We first load the data
```{r}
dat <- dat <- subset(read.table("fst_working/fstat_world_output.tsv", sep="\t", header = TRUE),
select=-c(c, d, Z_score_Jackknife))
datFST <- dat[dat$Statistic == "FST",]
datF2 <- dat[dat$Statistic == "F2",]
head(datFST)
```
Ok, this looks good. Let's check out the largest values
```{r}
head(dat[order(-dat$Estimate_Total),])
```
which shows that the largest FST values of around 0.3 are observed between Karitiana, from South America, and Biaka from Papua Neu Guinea (but note that these values are dependent on the ascertainment of SNPs, which here causes inflation)
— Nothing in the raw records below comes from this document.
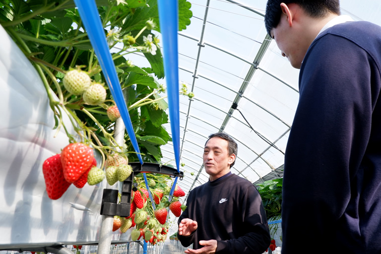 《丸尾さん談》『大きく濃い味になるのは、小まめに花数を減らす摘蕾(てきらい)をして養分を集中させてるからです。いちご狩りは生育状況を見て受け入れ可能な人数を決めるので、先の一週間分しか予約を受け付けないんです。せっかく来てもらうなら美味しいいちごを存分に食べてもらいたいので』。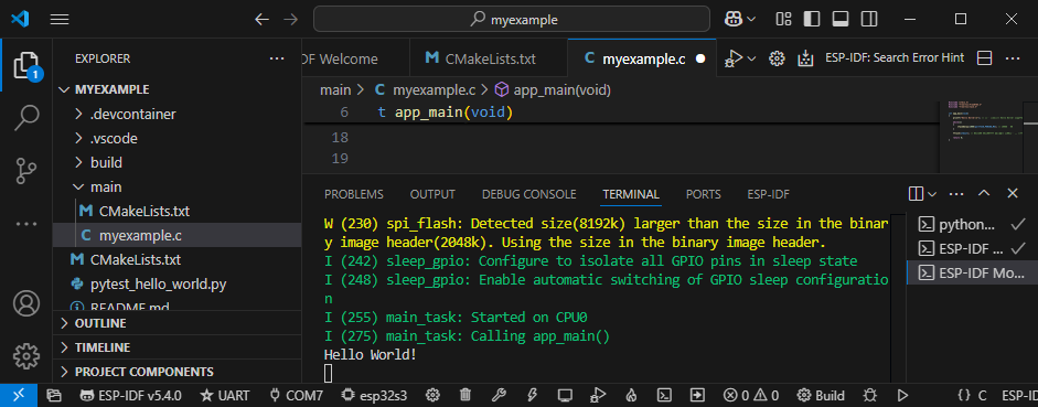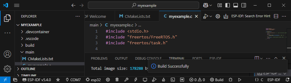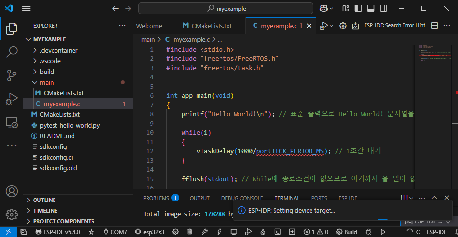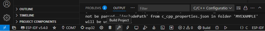 빌드 테스트를 진행해서 정상적으로 빌드가 되는지 확인한다. 스페너아이콘을 클릭하여 정상적으로 빌드되는지 확인하여 ESP-IDF가 정상적으로 연결되는지 확인을 하고 오류가 발생된다면 처리하도록 하자. 필자는 별다른 오류가 발생되지 않았다.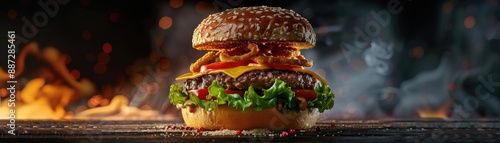 delicious, epicure, hamburger, juicy, beef, patty, crispy, lettuce, melt, cheese, favor, epicure, crave, fire, set, top, cookery, ground, sesame, broil, fiery, bar-b-q, sandwich, bread, steakhouse, smoke, chef, comfort, sauce, stack, taste, fill, texture, snack, feast, dinner, bar-b-q, tasty, quick, fresh, kitchen, layer, bacon, leaf, onion, tempt, ring, fast, brioche
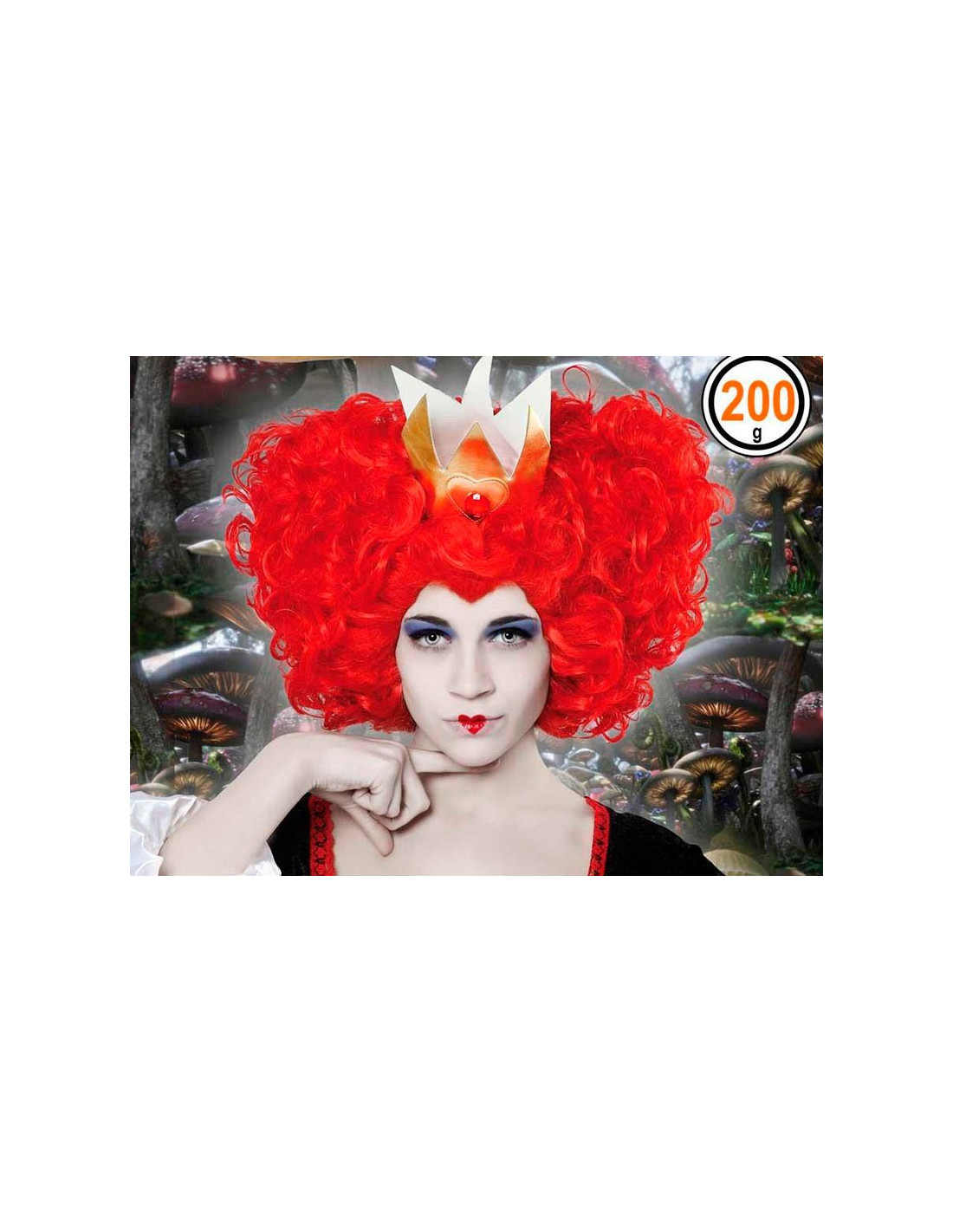 Incluye peluca Reina de Corazones  en color rojo, rizada y con una corona de tela.

Here is a histogram of the values
```{r}
hist(datFST$Estimate_Total, xlab = "FST", ylab = "Nr of pairs",
main = "")
```
So most values are in the range of a few percent and 20 percent, with a mean of
```{r}
mean(datFST$Estimate_Total)
```
We can compare that to F2:
```{r}
hist(datF2$Estimate_Total, xlab = "F2", ylab = "Nr of pairs",
main = "")
```
which is an order of magnitude smaller.
So one of the key things to visualise is the pairwise matrix of FST, which we can quickly compute using the `xtabs` function from the stats package (part of base R):
```{r}
fstMat <- xtabs(Estimate_Total ~ a + b, datFST)
f2Mat <- xtabs(Estimate_Total ~ a + b, datF2)
```
and plot a simple heatmap using the powerful `heatmap` function from the stats package:
```{r}
#| fig-height: 7
#| fig-width: 7
heatmap(fstMat, symm = TRUE, hclustfun = function(m) hclust(m, method="ward.D2"))
```
which we can compare to the output using F2, which looks almost the same:
```{r}
#| fig-height: 7
#| fig-width: 7
heatmap(f2Mat, symm = TRUE, hclustfun = function(m) hclust(m, method="ward.D2"))
```
OK, let's look at the dendrogram a bit closer:
```{r}
#| fig-height: 7
#| fig-width: 7
fstDist <- as.dist(fstMat)
dendro <- hclust(fstDist, method="ward.D2")
plot(dendro, hang = -1, ylab = "FST", xlab = "", main = "")
```
which again shows the strong drift that Native American populations (Karitiana) and Mayans experienced in their ancestral past.
This nicely shows how FST is affected by total drift, which is inversely proportional to population size, and proportional to total divergence time. A long branch can be caused by either low population size (as in the ancestral population of indigenous Americans) or long divergence time (as between populations from Africa and those outside of Africa).